Lo stesso Glossario Intelligence edito della


Presidenza del Consiglio dei Ministri - Sistema di
Informazione per la Sicurezza della Repubblica
definisce la letteratura grigia come costituita da
“notizie e dati” che da un lato sono sì pubblicamente
disponibili ma che dall’altro sono anche
contemporaneamente “ad accesso limitato”, questo,
però, senza nemmeno tentare di spiegare in cosa
consista tale limitazione dell’accesso e il perché si
verifica in “notizie e dati” che invece dovrebbero
essere pubblicamente disponibile.

Le cose, al solito, stanno in modo abbastanza diverso.


Fonti ed informazioni o mantengono il proprio stato
originario di accessibilità e disponibilità (e quindi sono fonti
aperte o originarie) o sottostanno ad un qualche
dispositivo di classifica di riservatezza, variamente
dimensionato (e quindi non sono fonti aperte).
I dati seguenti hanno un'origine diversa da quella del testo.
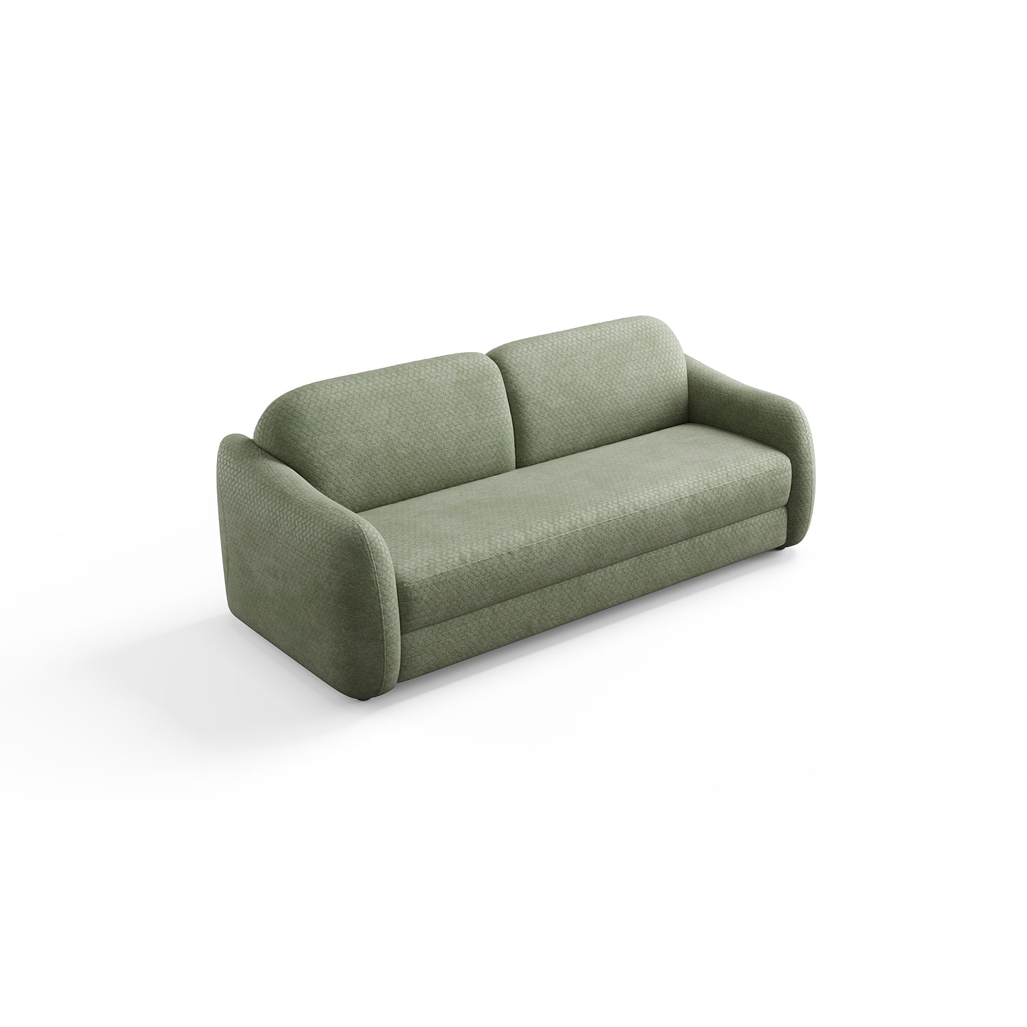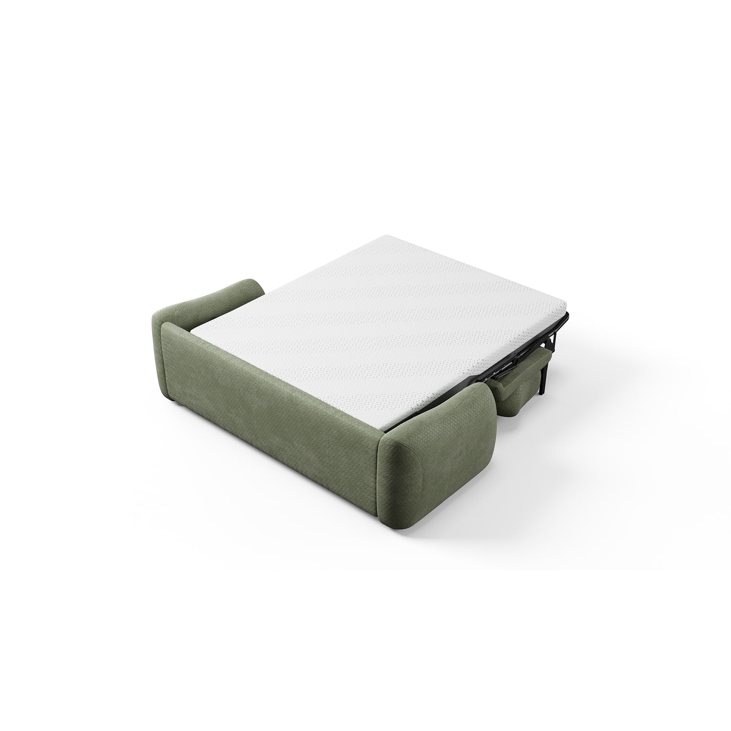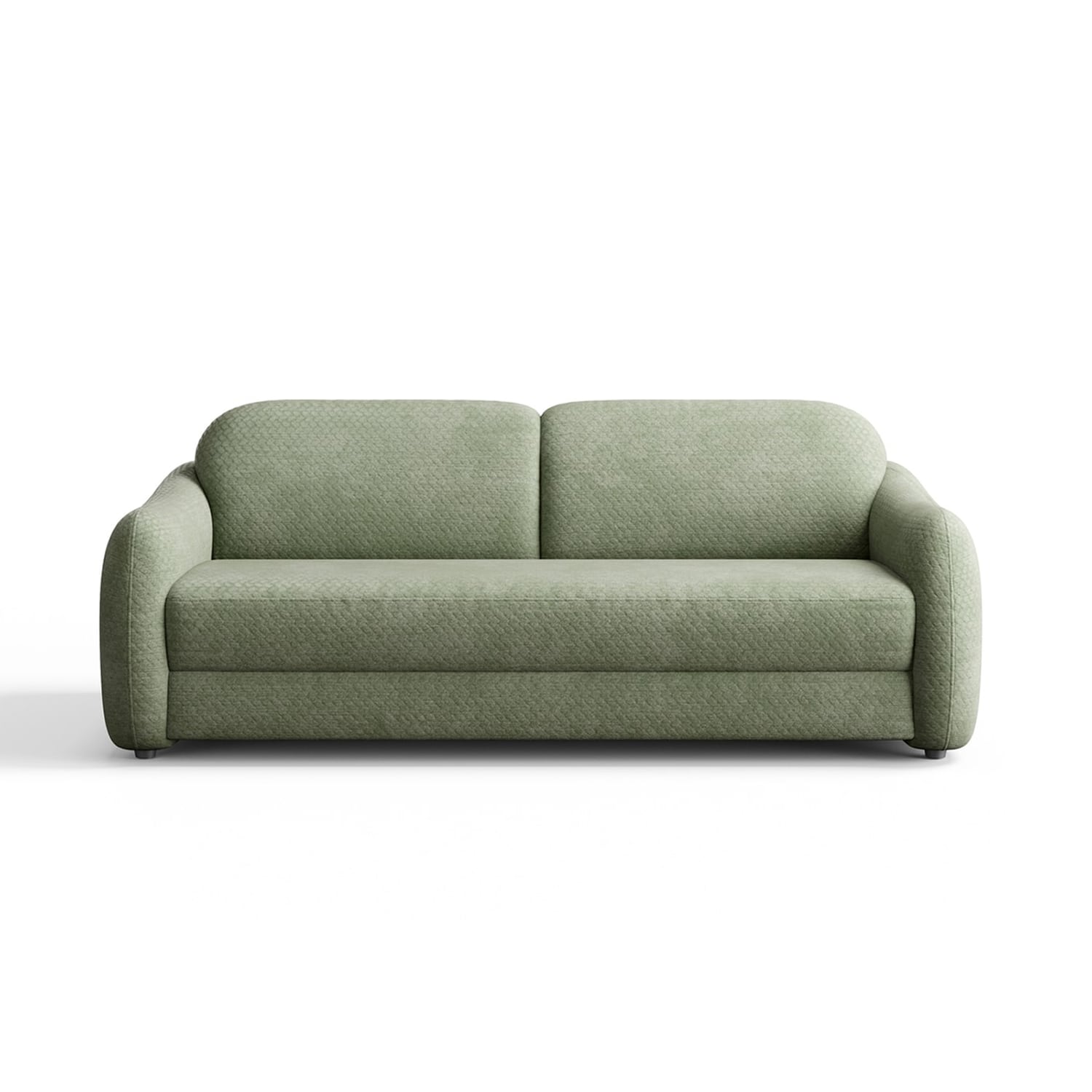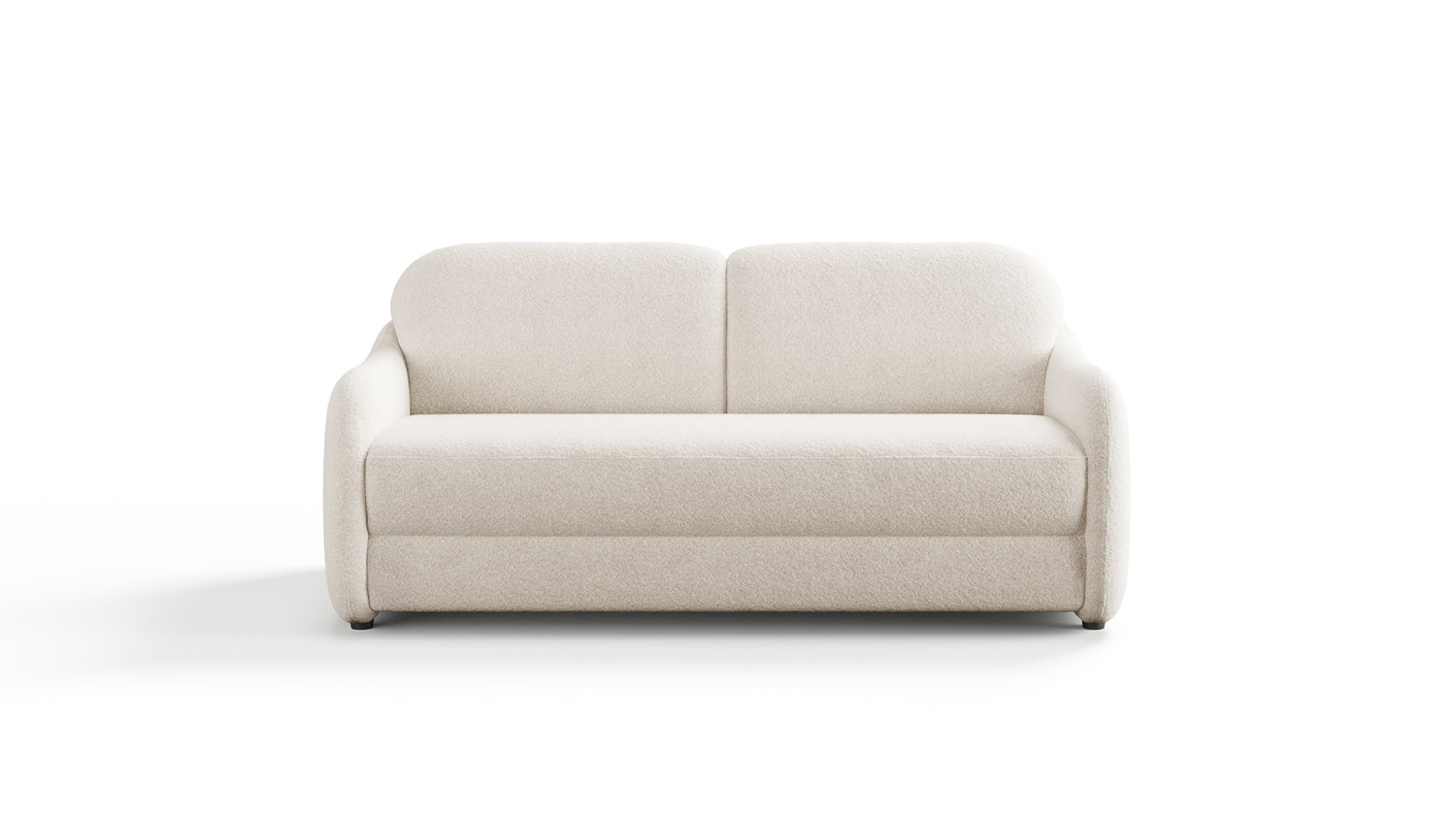 Canapé convertible au design élégant, aux formes organiques, personnalisable. Deux largeurs d’accoudoirs.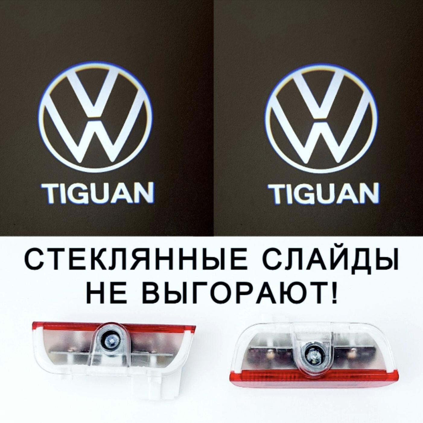 Купить 2 (ДВА) плафона в двери премиум на Фольксваген Тигуан с проекцией логотипа. Стеклянные слайды. с доставкой по всей России.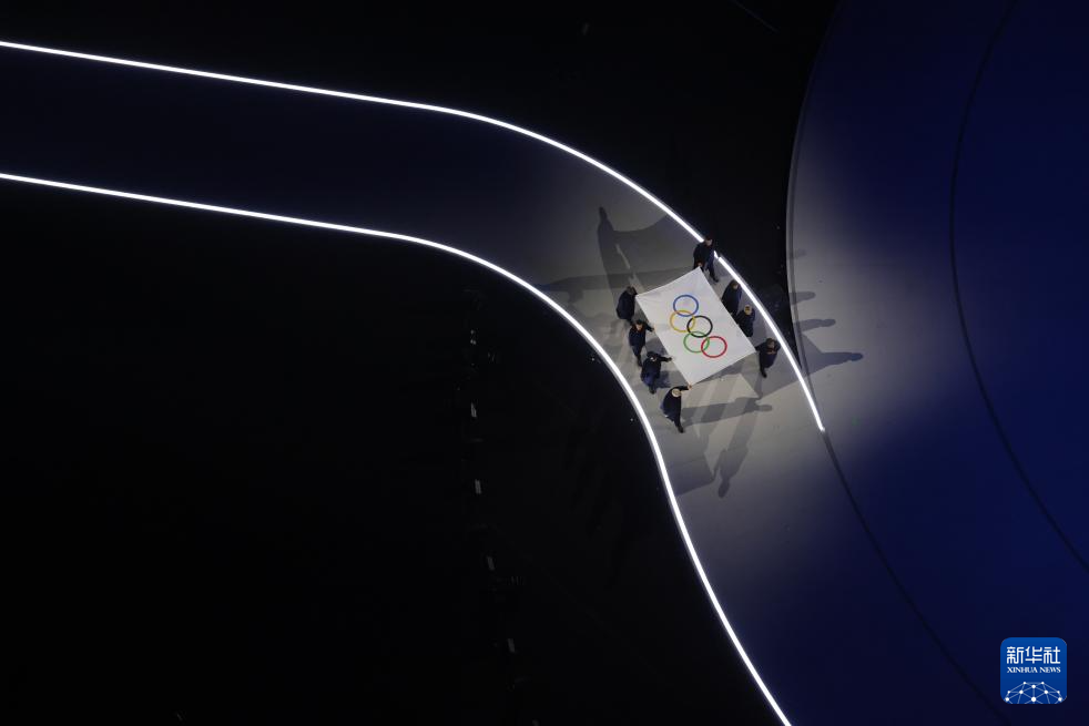 2月6日,奥林匹克会旗在开幕式上入场。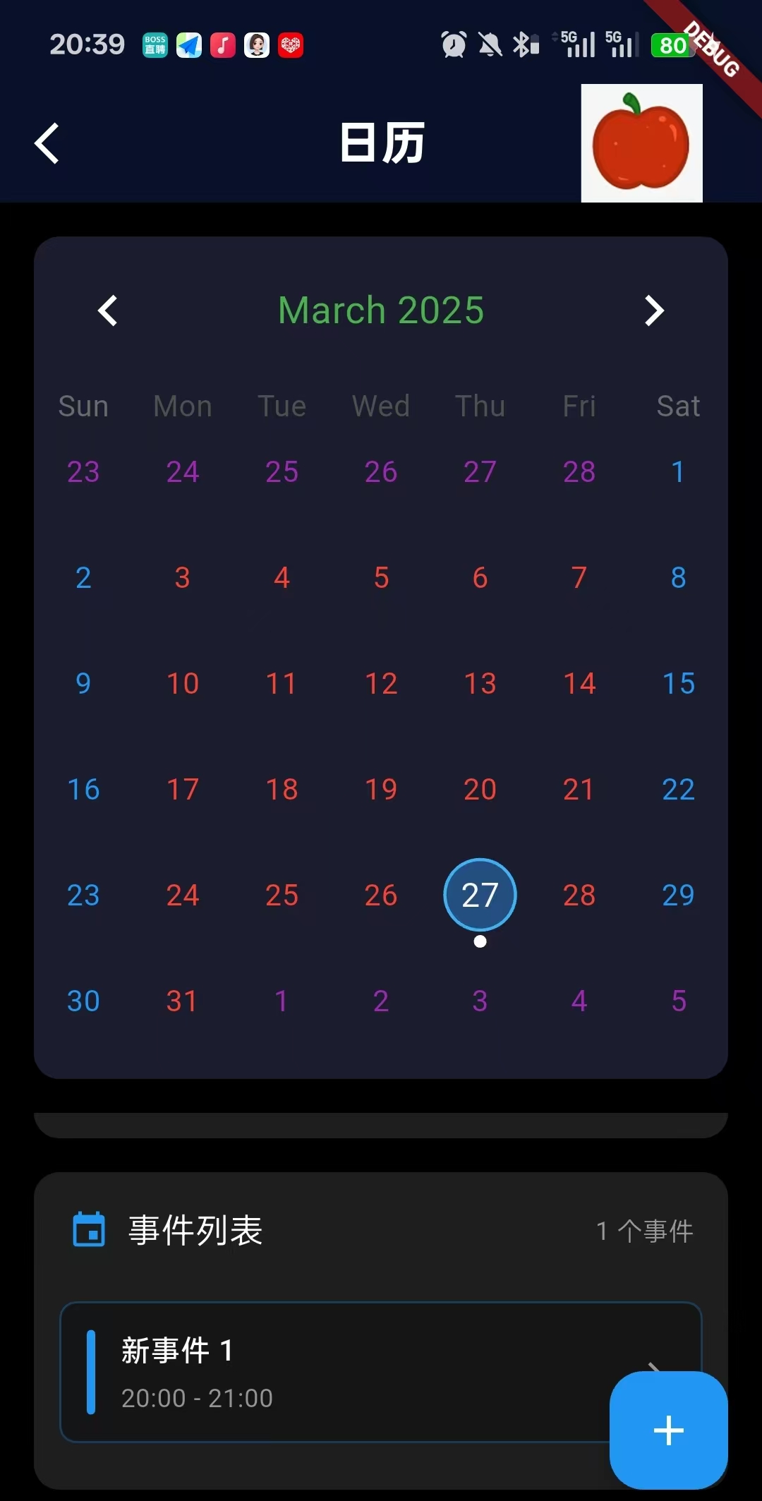 详细描述:这是一个日历,当用户选中某一天,然后点击右下角的蓝色加号,就能给这一天增加新事件。
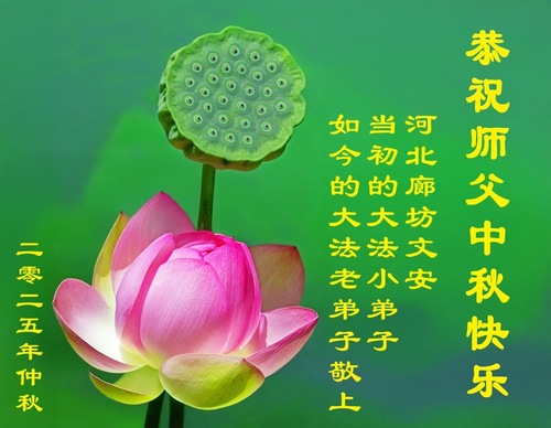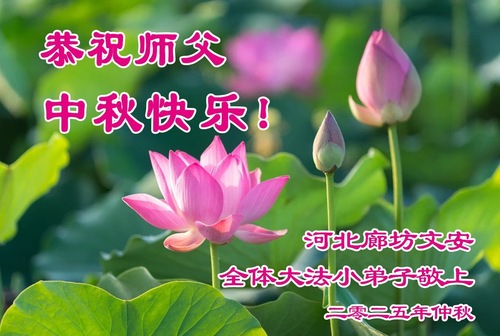 (Minghui.org) Zbliża się Święto Środka Jesieni 2025 roku, a wielu praktykujących Falun Dafa przesyła serdeczne pozdrowienia Mistrzowi Li Hongzhi, założycielowi praktyki. Wyrażają wdzięczność Mistrzowi Li za otrzymane korzyści i obiecują, że będą bardziej pilni w swojej kultywacji.

La realtà è
che il “colore” della letteratura grigia non ha nulla a che
vedere con aspetti di riservatezza, segretezza o con una
qualche particolare natura ontologica insondabile, ma con
qualcosa che viene dopo.
Per quanto ci riguarda essendo lo scopo della Teoria
Generale per l'Intelligence delle Fonti Aperte quello di
sollecitare un irrobustimento dell'assetto teoretico
disciplinare di OSINT non possiamo davvero accontentarci
di definizioni così vaghe. È per questo motivo che nel
Microglossario Interdisciplinare per l’Intelligence delle Fonti
Aperte prevede una approfondita disamina interdisciplinare
del lemma, alla quale rimandiamo.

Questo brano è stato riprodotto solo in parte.